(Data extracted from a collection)
====================

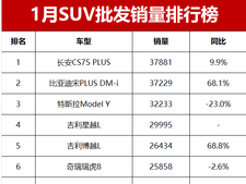 购车网官网1月SUV批发销量榜揭晓!星越L、博越L进前五,瑞虎8排第六
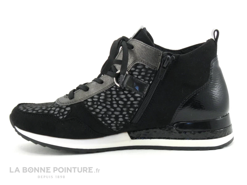 Cette basket montante Femme Remonte R2574-03 mélange des parties noires veloutées et vernies avec un imprimé à pois gris sur fond noir.
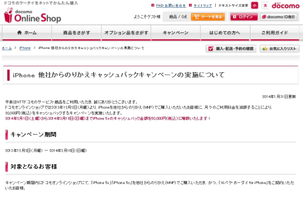 キャッシュバックキャンペーンは、2013年12月2日~2014年2月16日の期間に、「ドコモオンラインショップ」でiPhone 5s、iPhone 5cを他社からの乗り換えであるMNPで購入し、プランは「Xiパケ・ホーダイ for iPhone」を契約したユーザーが対象。2014年1月31日まではキャッシュバック金額が2万円だったのが、2月1日~2月16日までの対象ユーザーは3万円増額して5万円のキャッシュバックとなった。
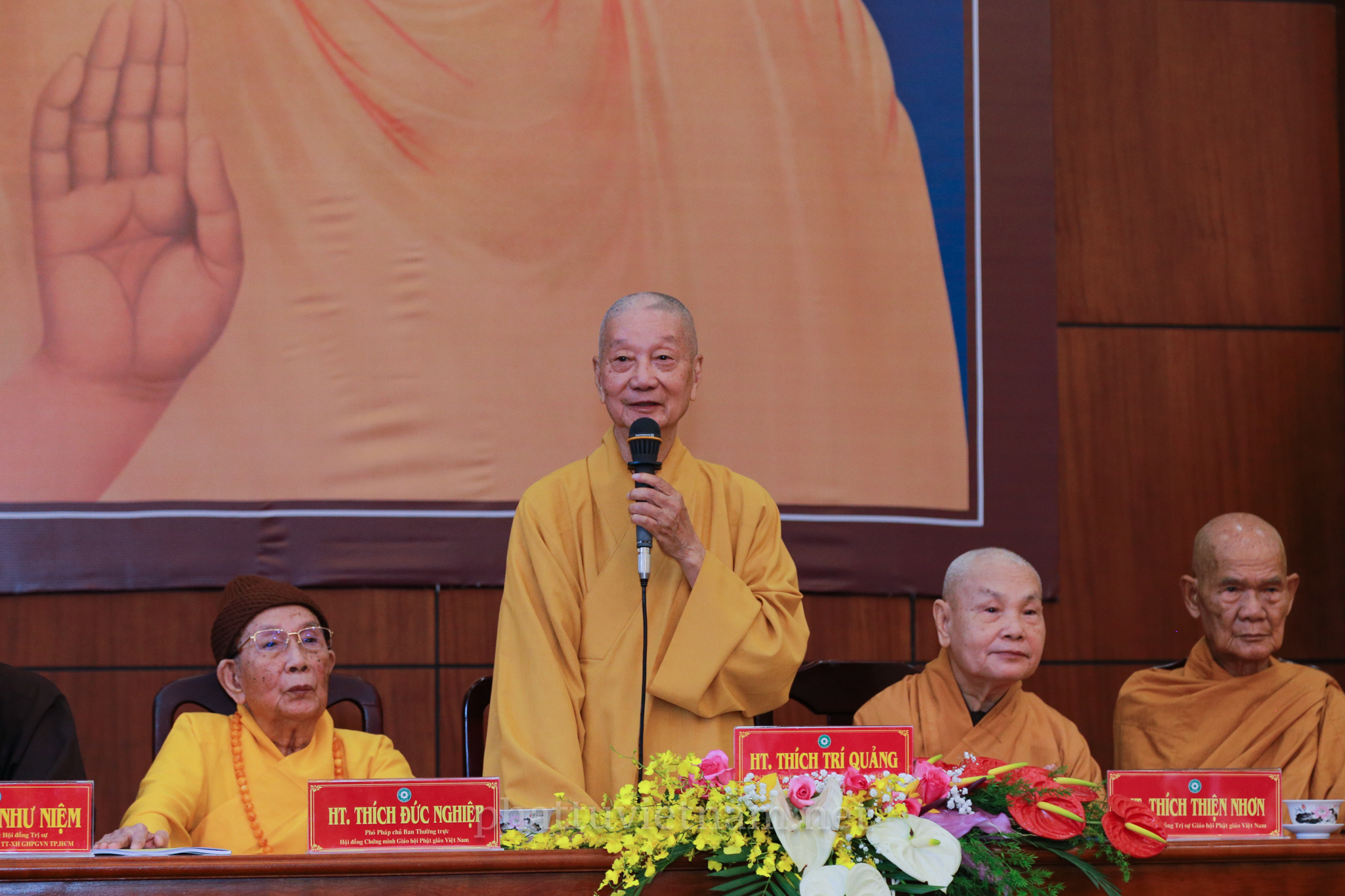 Tại buổi lễ tổng kết, TT.Thích Thiện Thống – Phó chủ tịch HĐTS, kiêm Chánh thư ký Ban Tăng sự TƯ thông qua danh sách tấn phong Giáo phẩm chư Tôn đức Tăng Ni TP.HCM.
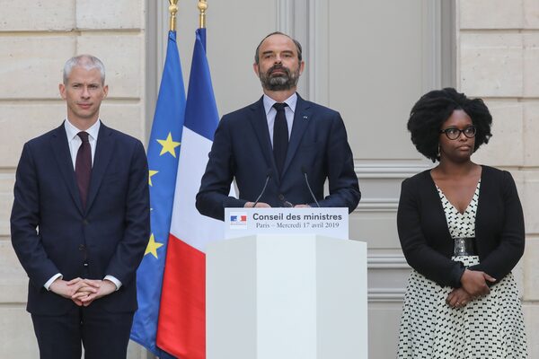 French Culture Minister Franck Riester, left, Prime Minister Edouard Philippe and French Junior Minister and Government's spokesperson Sibeth Ndiaye, right, shown during a press conference after the weekly cabinet meeting, dominated by the aftermath of the Notre-Dame cathedral fire, at the Elysee Presidential palace on April 17, 2019 in Paris.LUDOVIC MARIN/AFP/Getty Images
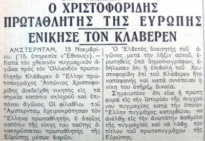 Αργότερα ο Αντώνης Χριστοφορίδης, παιδί προσφύγων από τη Μικρά Ασία, έφυγε για την Αμερική, να κυνηγήσει το όνειρό του. Να γίνει παγκόσμιος πρωταθλητής. Από ένα παιχνίδι της μοίρας τα κατάφερε στις 22 Νοεμβρίου του 1940, την ημέρα που ο ελληνικός στρατός κυνηγούσε τους Ιταλούς στην Αλβανία, εκείνος νικούσε στο Κλίβελαντ έναν Ιταλοαμερικάνο, τον Μέλιο Μπετίνα.
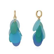 Pendientes Viceroy Kiss 14031E01016 de acero chapado en oro con discos de resina azul y verde. Largo: 5,5 cm
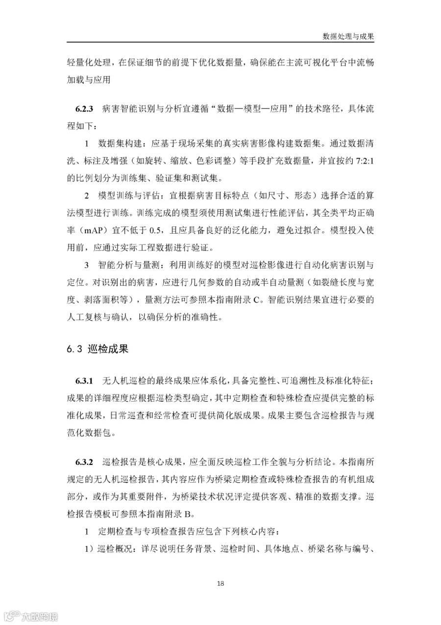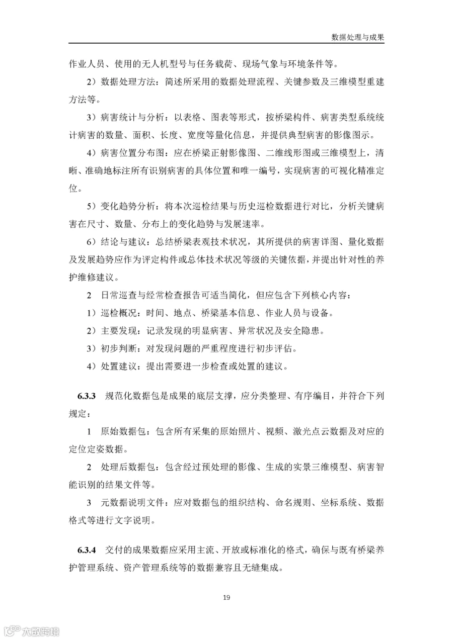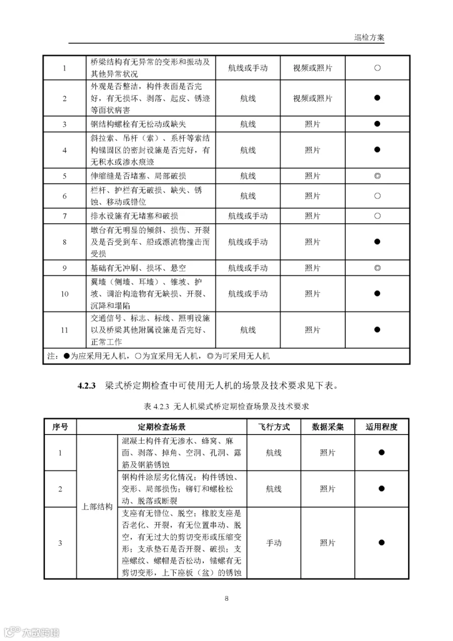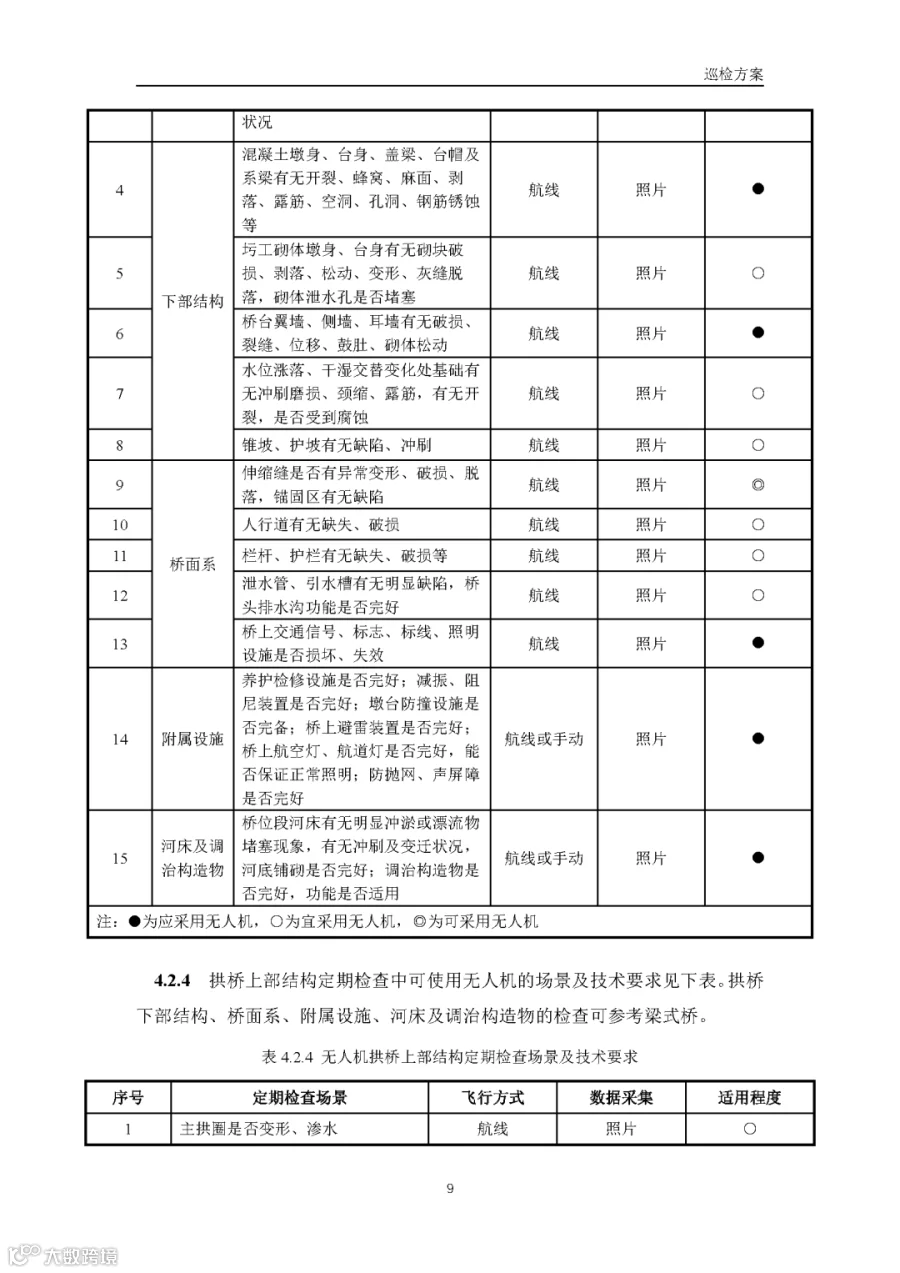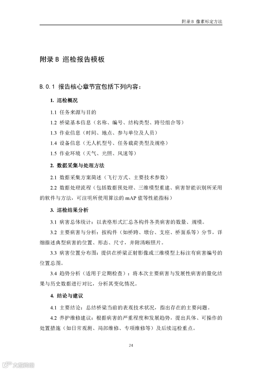 据通航圈了解,这部《低空无人机应用公路桥梁巡检技术指南(试行)》适用于各类型公路桥梁的低空无人机巡检,包括日常巡查、经常检查、定期检查和特殊检查。《指南》指出,无人机巡检是人工巡检的有效辅助与补充手段,主要应用于人工巡检难以实施或更具优势的场景,并与现有公路桥梁管养体系协同融合。 《指南》鼓励各地结合实际情况建设无人机巡检平台,推进数据共享共建,提升监管效能。
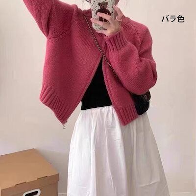 ニットカーディガン レディース 長袖 秋冬 ニット トップス ショート カジュアル ニットトップス ノーカラー ニットセーター ショートコート アウター ショートコート リブニット 羽織り ジャケット
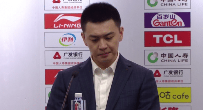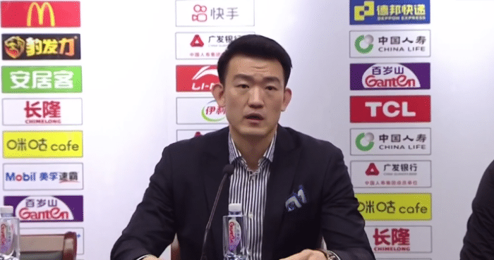 辽篮将帅在等了好一会才出现在发布会,杨鸣先到场,他示意带错人了,换人,让记者稍微等一下,随后杨鸣一人在现场愣神和看赛后数据统计。
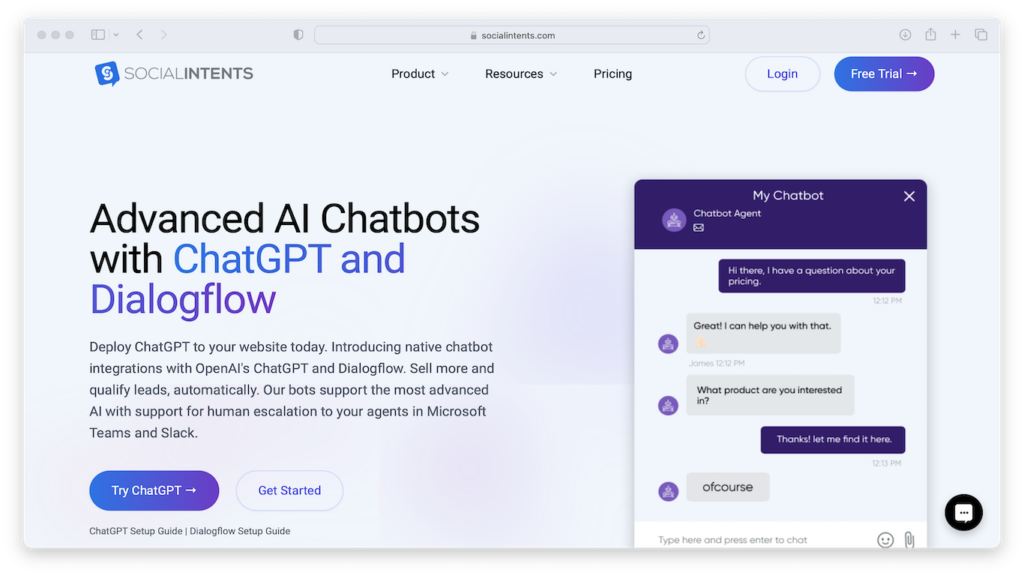 Live Chat by Social Intents is a live chat powered by ChatGPT and Dialogflow that allows you to chat with website visitors from Microsoft Teams and Slack and escalate from ChatGPT to Humans or have ChatGPT pick up when your agents are unavailable.
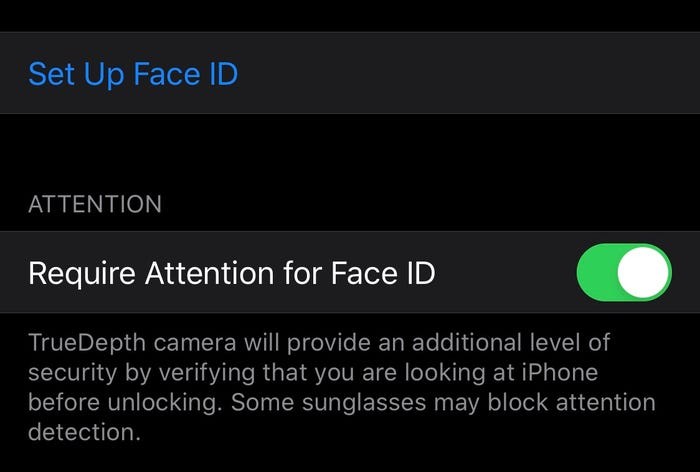 Bạn cũng nên thử tắt tùy chọn Require Attention for Face ID (Yêu cầu chú ý đến Face ID). Điều này có thể cải thiện cơ hội Face ID hoạt động khi bạn đeo khẩu trang. Tuy nhiên hãy nhớ rằng việc tắt tùy chọn này sẽ khiến Face ID kém an toàn hơn một chút, vì nó sẽ loại bỏ lớp xác thực yêu cầu bạn phải mở mắt và nhìn vào màn hình để mở khóa điện thoại. Bạn nên bật lại tùy chọn này khi sau này không cần dùng đến khẩu trang phòng dịch nữa.
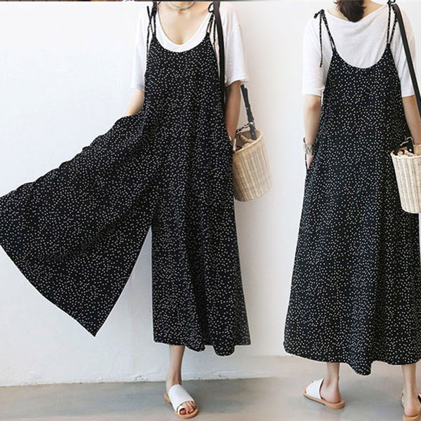 サロペット オールインワン レディース パンツ ワイドパンツ ガウチョ オーバーオール カジュアル 大きいサイズ 体型カバー マキシ丈 送料無料
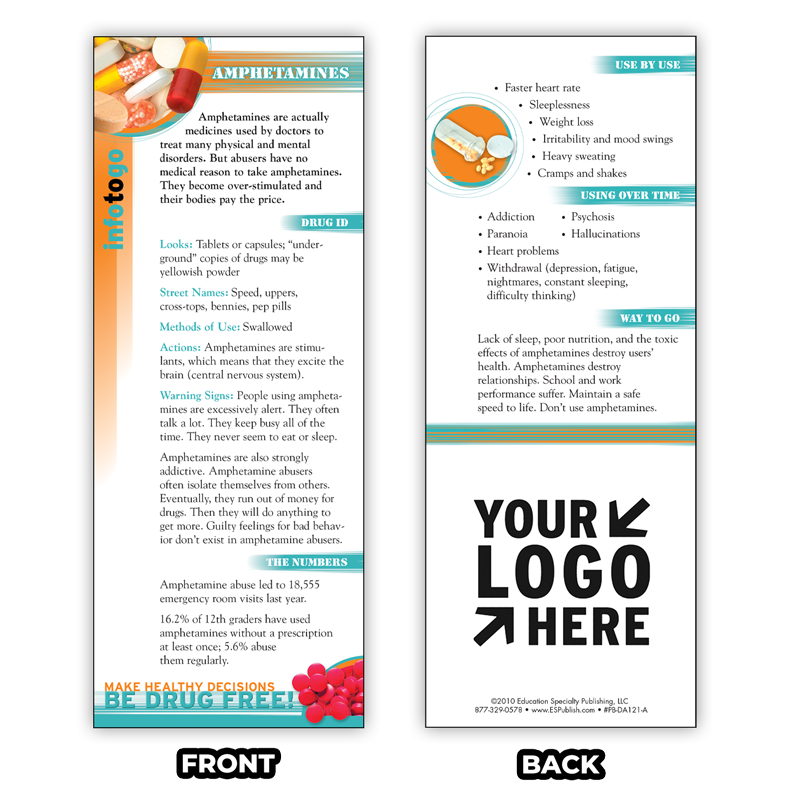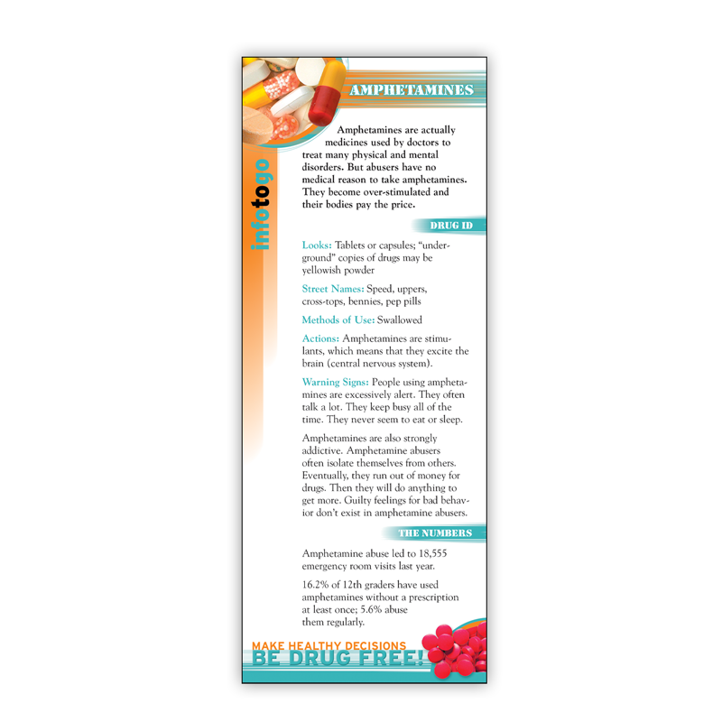This useful, two sided Amphetamines Rack Card provides concise information on these strongly addictive prescription drug stimulants. Prescription stimulants like Adderall and Dexedrine, along with illicit amphetamines like methamphetamine and ecstasy, are highly addictive. Kids are pocketing these “pep pills” and selling them to friends or handing them out at parties. The card describes amphetamines effect on the brain as well as the dangerous physical and psychological effects of abuse. In conclusion, is a “Way to Go” anti-use call to action. Use it a great stand alone handout or use it together with our other rack cards. In short, make healthy decisions – Be Drug Free!
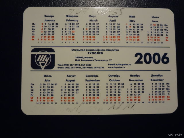 Календарик 2006 г. ОАО Туполев.

====================

WHAT THE TASK REQUIRES: I'd like the lines above repeated exactly, from the one that contains "Bạn cũng nên" through the one that contains "サロペット オールインワン レディース", with no pictures.

WRITTEN ANSWER:
 Bạn cũng nên thử tắt tùy chọn Require Attention for Face ID (Yêu cầu chú ý đến Face ID). Điều này có thể cải thiện cơ hội Face ID hoạt động khi bạn đeo khẩu trang. Tuy nhiên hãy nhớ rằng việc tắt tùy chọn này sẽ khiến Face ID kém an toàn hơn một chút, vì nó sẽ loại bỏ lớp xác thực yêu cầu bạn phải mở mắt và nhìn vào màn hình để mở khóa điện thoại. Bạn nên bật lại tùy chọn này khi sau này không cần dùng đến khẩu trang phòng dịch nữa.
 サロペット オールインワン レディース パンツ ワイドパンツ ガウチョ オーバーオール カジュアル 大きいサイズ 体型カバー マキシ丈 送料無料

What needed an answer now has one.